**Stored data**

== Segment start ==

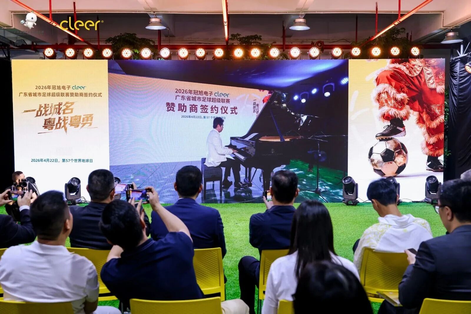签约仪式活动现场,作为联赛总冠名赞助商,冠旭电子(Cleer)更携手Cleer大师音质全球代言人国际钢琴大师郎朗,共同发布了Cleer专为2026年冠旭电子Cleer·广东省城市足球超级联赛定制的赛场战歌《致胜一击》,并现场演奏专属歌曲《致胜一击》。
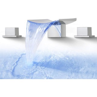 Bathroom Waterfall Faucet Widespread 8 Inch Modern Moon 3 Hole Lavatory Sink Faucet 3 Color LED Vanity Faucet with Two Handle, SKOWLL Polished Chrome
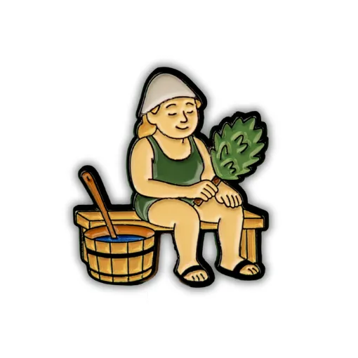 This enamel pin portrays the calm presence of a Finnish woman enjoying her sauna ritual.
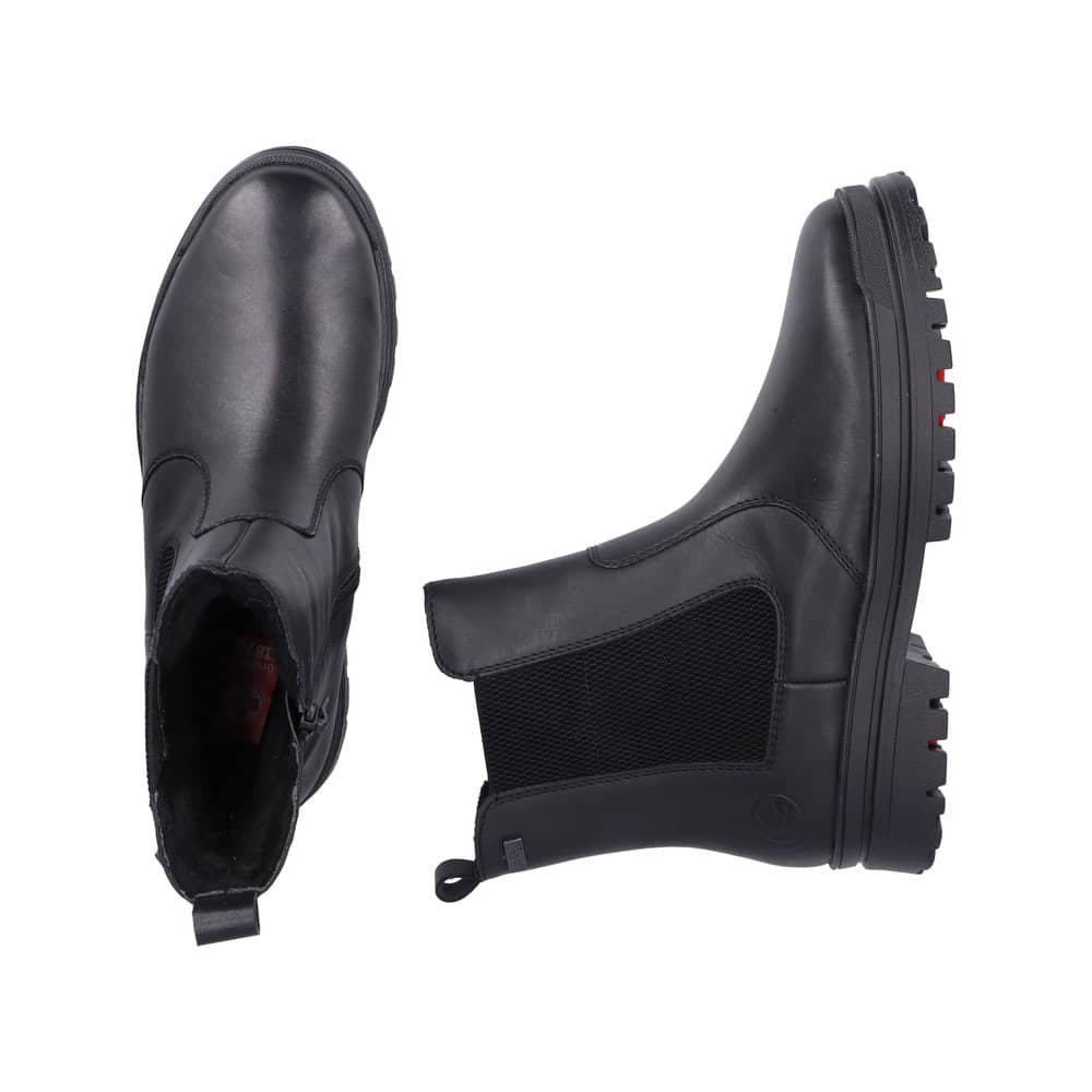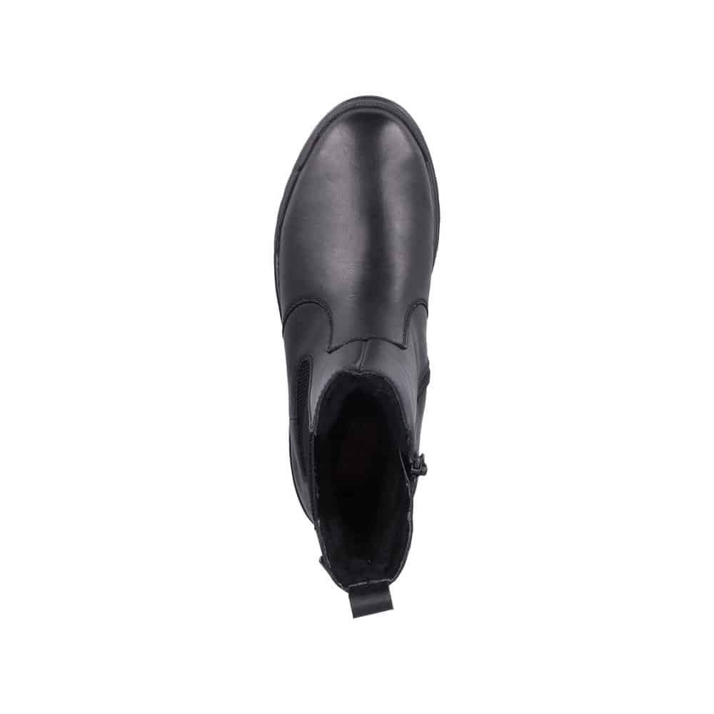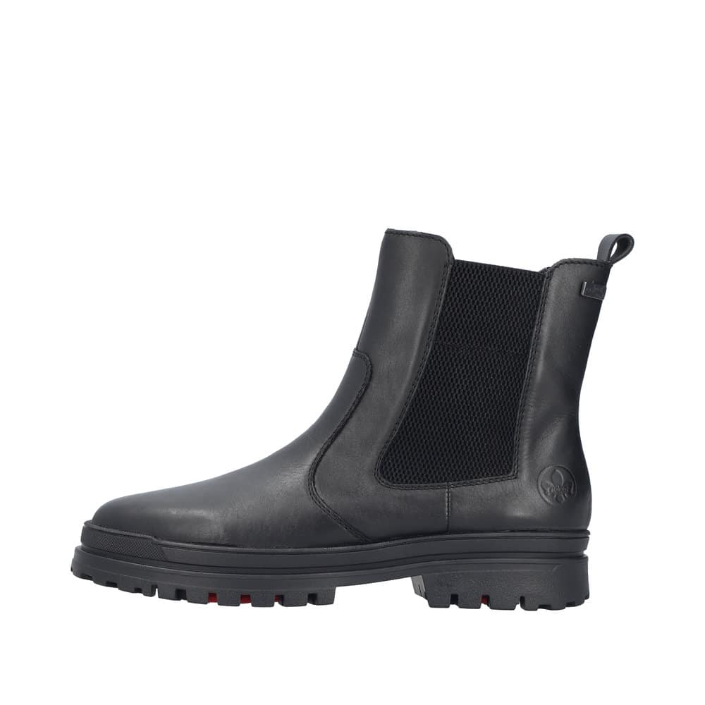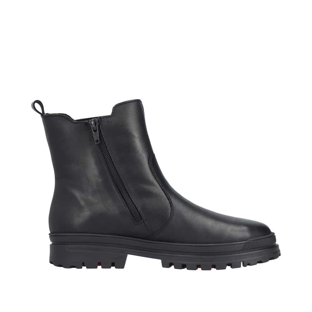 Rieker støvle til dame i sort. Elegant vinterstøvle med fokus på både komfort og funktion. Støvlen har en skindoverdel samt elastik og en praktisk lynlås, som gør den nem at tage af og på. Indvendigt er den udstyret med en varm foring og en blød sål, der giver en behagelig komfort hele dagen. Det smarte Anti-slip system med foldbare pigge øger skridsikkerheden og giver stabilitet, mens Rieker-Tex gør støvle kraftig vandafvisende. Mens den mønstrede ydersål giver øget stødabsorbering.
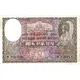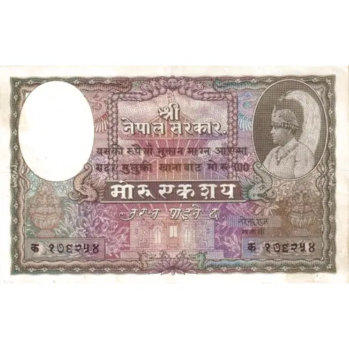 Descripción del anverso Temple in center, King Tribhuvan wearing plumed crown at right.
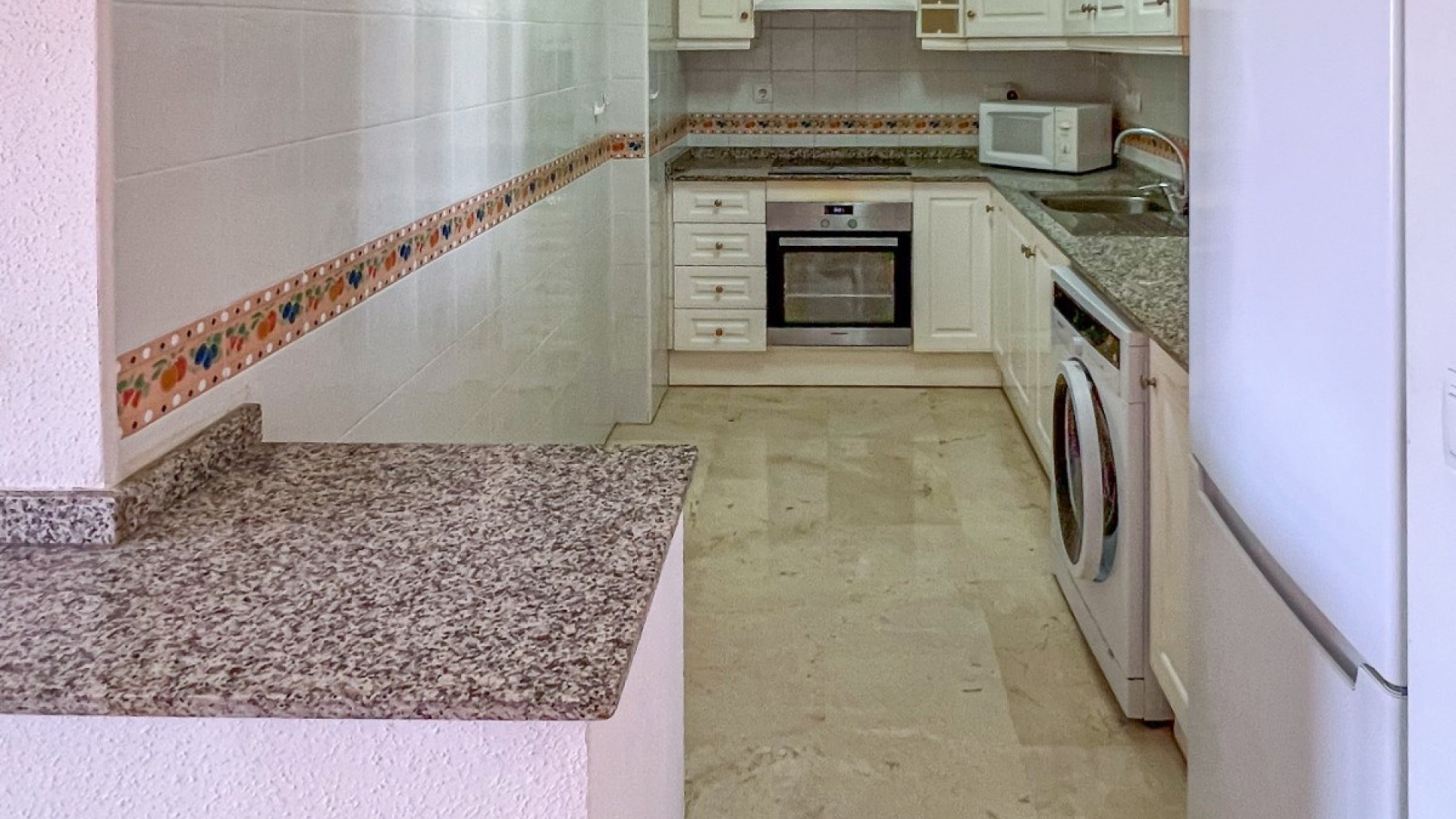 Vardagsrum/matsal med takfläkt och balkong, fullt utrustat kök i öppen planlösning, 2 x dubbelrum båda med inbyggda garderober, det största sovrummet har ett eget duschrum, 1 x familjebadrum, gemensamt takterrass, härlig gemensam pool & trädgårdar, säker gated community med gemensam off-road parkering, tillgång till hiss till alla våningar och mycket mer.
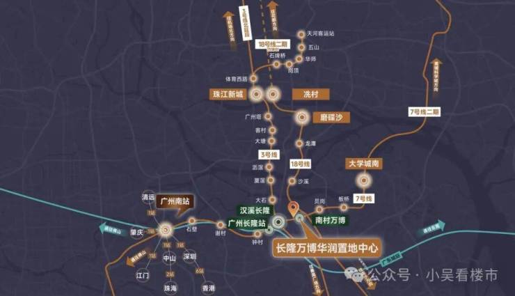 项目距离地铁3/7号线汉溪长隆站约500米左右,步行约8分钟,距离地铁7/18号线南村万博站约1.2公里,这三条地铁线,都是比较牛的线路,7号线可到南站、大学城、科学城,3号线可直达体育西,18号线更是国内最快时速地铁,直达琶洲、珠城等地,自驾的话,小区出门就是汉溪大道,可转新光和华快,去往市区都比较方便。

== Segment end ==

**EXERCISE GOAL**
Reproduce all of the records above exactly, but exclude the pictures.

**YOUR SOLUTION**
签约仪式活动现场,作为联赛总冠名赞助商,冠旭电子(Cleer)更携手Cleer大师音质全球代言人国际钢琴大师郎朗,共同发布了Cleer专为2026年冠旭电子Cleer·广东省城市足球超级联赛定制的赛场战歌《致胜一击》,并现场演奏专属歌曲《致胜一击》。
 Bathroom Waterfall Faucet Widespread 8 Inch Modern Moon 3 Hole Lavatory Sink Faucet 3 Color LED Vanity Faucet with Two Handle, SKOWLL Polished Chrome
 This enamel pin portrays the calm presence of a Finnish woman enjoying her sauna ritual.
 Rieker støvle til dame i sort. Elegant vinterstøvle med fokus på både komfort og funktion. Støvlen har en skindoverdel samt elastik og en praktisk lynlås, som gør den nem at tage af og på. Indvendigt er den udstyret med en varm foring og en blød sål, der giver en behagelig komfort hele dagen. Det smarte Anti-slip system med foldbare pigge øger skridsikkerheden og giver stabilitet, mens Rieker-Tex gør støvle kraftig vandafvisende. Mens den mønstrede ydersål giver øget stødabsorbering.
 Descripción del anverso Temple in center, King Tribhuvan wearing plumed crown at right.
 Vardagsrum/matsal med takfläkt och balkong, fullt utrustat kök i öppen planlösning, 2 x dubbelrum båda med inbyggda garderober, det största sovrummet har ett eget duschrum, 1 x familjebadrum, gemensamt takterrass, härlig gemensam pool & trädgårdar, säker gated community med gemensam off-road parkering, tillgång till hiss till alla våningar och mycket mer.
 项目距离地铁3/7号线汉溪长隆站约500米左右,步行约8分钟,距离地铁7/18号线南村万博站约1.2公里,这三条地铁线,都是比较牛的线路,7号线可到南站、大学城、科学城,3号线可直达体育西,18号线更是国内最快时速地铁,直达琶洲、珠城等地,自驾的话,小区出门就是汉溪大道,可转新光和华快,去往市区都比较方便。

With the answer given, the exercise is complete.